I’m building a computation workflow using the Temporal Python SDK.

  • Workflow: a long‑running “Entity Workflow” that receives a per‑minute signal (via an external signal), then triggers computation for that minute’s input.
  • Activity: Perform the computation from the new minute’s input plus a large, shared cache of historical context.

Because the cache is large (10+ GB), it’s impossible to serialize into Workflow state or pass as an activity argument.

Questions

  • Cache placement
    What’s the recommended way to hold a large in‑memory cache in a Temporal Python setup—should it live as a module‑level (global) variable, or be kept in a local variable inside the workflow’s run method?
  • Activity access
    How can activities best gain access to that cache—by passing it (or its reference) through activity arguments (my understanding is that this will not work because that 10+ GB cache is not serializable), by referencing a shared/global object, or via another pattern?

Thanks a lot!

Hi,

shared cache of historical context.

Is this cache shared between all workflow executions and all workers or is this cache local to the execution of a single workflow and you want to share the cache across the execution of a single workflow and its activities.

If the former, I would expect that you need some form of external system (if nothing else than a blob storage) to share the cache content between workers and workflows.

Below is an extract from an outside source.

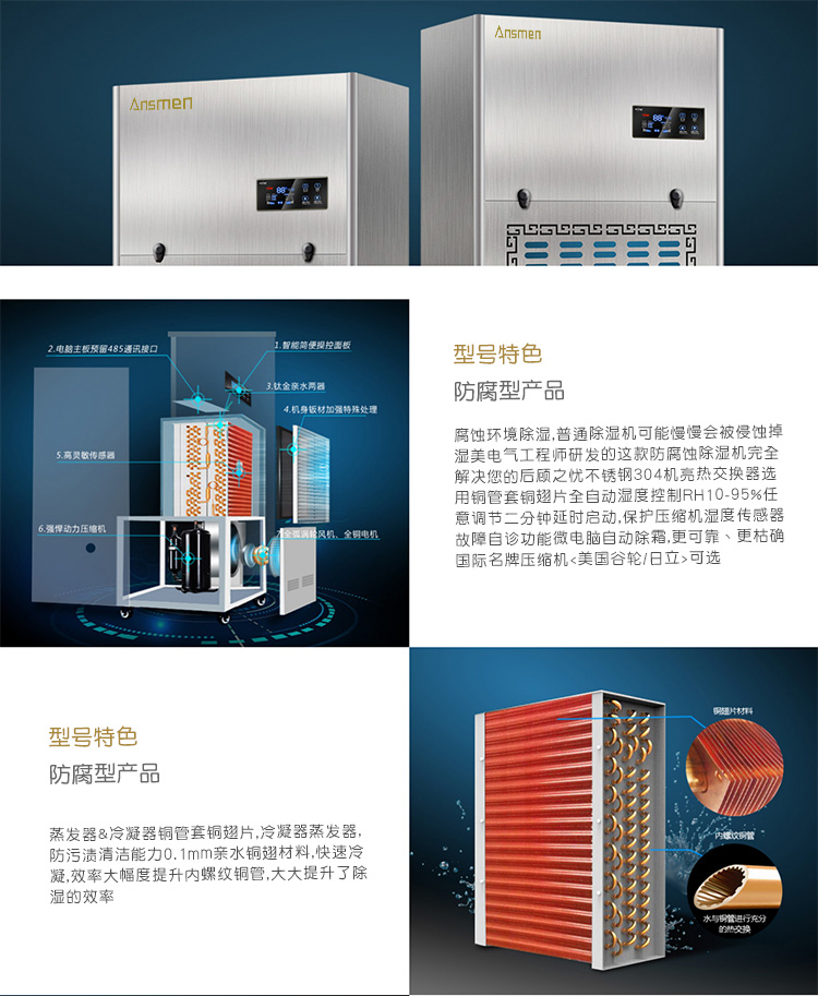 安詩曼是專業(yè)防腐除濕機生產廠家,主要產品有工業(yè)除濕機,高溫烘干機,轉輪除濕機,低溫除濕機,吊頂除濕機,商用抽濕機,商用除濕機,工業(yè)抽濕機,工業(yè)干燥機等產品

If the latter, you need to remember that it is not a given that a workflow with its activities all execute on the same worker. The workflow will try to execute sticky, but that is not guaranteed. If you want to ensure that the whole workflow executes on the same worker in order to for example share some global state, you will need to look at worker sessions.

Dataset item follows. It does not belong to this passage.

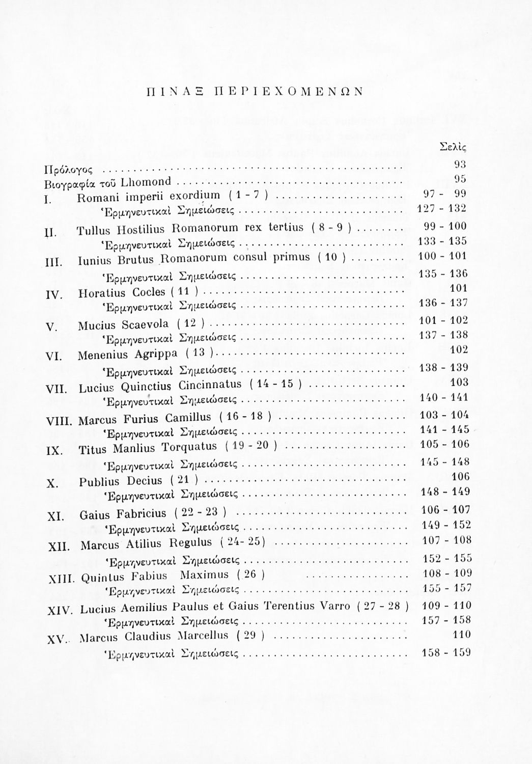Σχολικό εγχειρίδιο Λατινικών που περιέχει 64 αποσπάσματα από το βιβλίο του Lhomond και παρουσιάζει βίους επιφανών Ρωμαίων από το 753 π.Χ μέχρι το 14 μ.Χ.

Because the cache is large (10+ GB), it’s impossible to serialize into Workflow state or pass as an activity argument.

Right, Temporal would not allow you to do that. It exceeds the payload limits and would also be very inefficient. If one really wants to go down this route though, there would be an option to do that with a custom Payload Codec. temporal-large-payload-codec implements such an approach where the large data is transparently off-loaded to cloud storage. I definitely would explore other options first before embarking on codec approach.

Hope this helps,
–Hardy

Hi Hardy,

Thanks a lot for the prompt reply!

Is this cache shared between all workflow executions and all workers or is this cache local to the execution of a single workflow and you want to share the cache across the execution of a single workflow and its activities.

It is actually the latter. Also we want to have that cache for performance reasons, because this is a financial application.

If you want to ensure that the whole workflow executes on the same worker in order to for example share some global state, you will need to look at worker sessions.

Didn’t know work session before, will study it. In our deployment, we plan to have only one worker process to guarantee that everything is within the same process. The question now is actually - shall we just use a module global variable for the cache? Is this recommended for this use case.

Really appreciate your insights!